The attached model is based on the paper you referenced earlier and applies the Abel-Noble real gas EOS for H2.
The heat transfer from H2 to the cylinder internal wall and from the external wall to the ambient is also simulated by solving the 1D heat diffusion equation discretized in time and space.
The charts in the flowsheet show the profiles of cylinder pressure, temperature and inlet flow: moreover the metal temperatures are calculated and in case available for plotting.
Several parameters can be modified in the flowsheet and in the Script1 as shown in the script's code.
I did not compare in details the results of this model with the graphs included in the referenced paper, so let me know any comment on possibile discrepancies.
Hi, I want to simulate the increase of the pressure and temperature inside a storage cylinder. Is this scenario possible in DWSim? How can I modelate it ?
Thanks
Hi Felipe,
this can be done in a very simple way.
Just take a feed stream and run it through the compressor.

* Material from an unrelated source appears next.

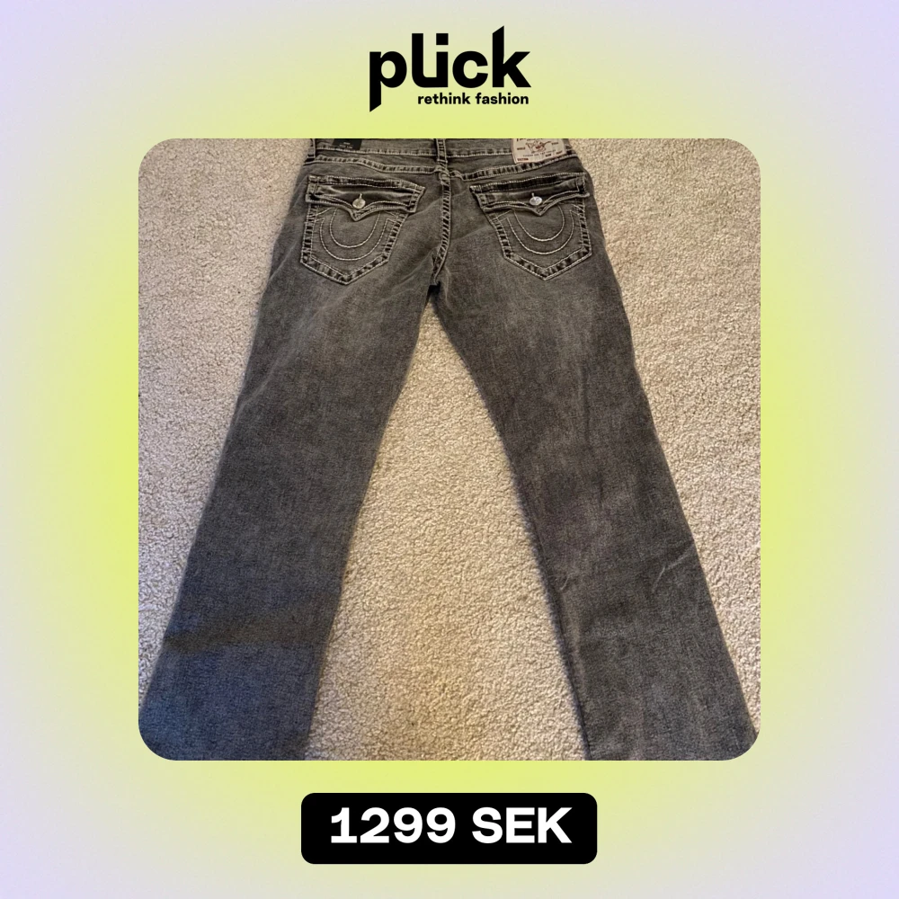 HELT NYA Säljer ett par grå jeans från True Religion i modellen Ricky Big T Flap. De har en straight fit och är i en snygg grå tvätt med slitna detaljer. Bakfickorna har coola sömmar och knappar. Perfekta för en avslappnad stil!

As this is a continuous simulation you may transfer this to your batch operation by changing the flow units by removing the division by time in your mind.
For instance: Feed with 1000 m³/h is compressed to 5 bar in DWSIM. You will find temperature and volume flow m³/h in output stream. Now you can interpret this as a batch process in following way that 1000 m³ of feed are compressed to 5 bar with the corresponding volume m³.
Now you may define a sensitivity analysis where you run the pressure from low to high value of final pressure.
Gregor
Hi Felipe,
yes it is (I assume you are referring to gas flow charging a cylinder) .
I did it with a Python script solving the differential equations given by the mass balance, possibly coupled with the gas flow pressure drops equation.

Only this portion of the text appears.